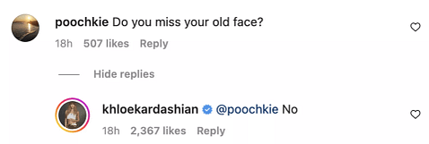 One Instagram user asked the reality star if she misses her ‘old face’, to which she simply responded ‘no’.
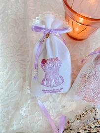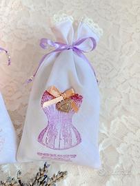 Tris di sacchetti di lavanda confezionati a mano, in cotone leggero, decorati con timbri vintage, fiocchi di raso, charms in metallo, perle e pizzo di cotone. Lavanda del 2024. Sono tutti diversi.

---

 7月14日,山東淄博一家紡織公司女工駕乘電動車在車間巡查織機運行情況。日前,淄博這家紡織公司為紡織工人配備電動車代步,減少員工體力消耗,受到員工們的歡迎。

* * *

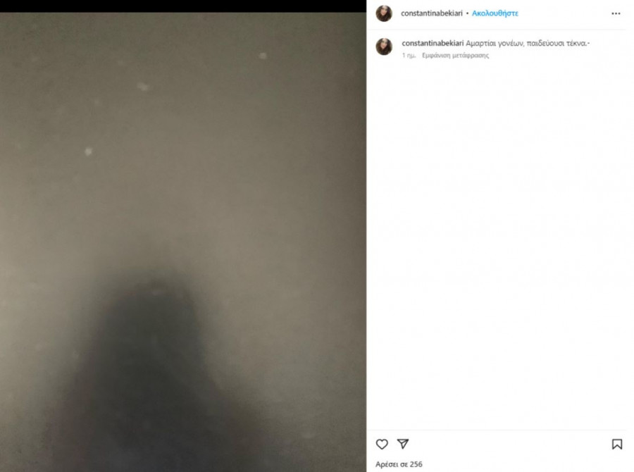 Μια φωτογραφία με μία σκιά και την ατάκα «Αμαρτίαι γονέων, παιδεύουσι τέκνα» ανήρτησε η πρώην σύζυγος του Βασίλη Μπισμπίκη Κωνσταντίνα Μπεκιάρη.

TASK TO CARRY OUT
Starting at the line above that has "One Instagram user" and ending at the line that has "Tris di sacchetti", copy each line exactly, leaving the pictures out and adding nothing.

ANSWER TO THE PROBLEM
 One Instagram user asked the reality star if she misses her ‘old face’, to which she simply responded ‘no’.
 Tris di sacchetti di lavanda confezionati a mano, in cotone leggero, decorati con timbri vintage, fiocchi di raso, charms in metallo, perle e pizzo di cotone. Lavanda del 2024. Sono tutti diversi.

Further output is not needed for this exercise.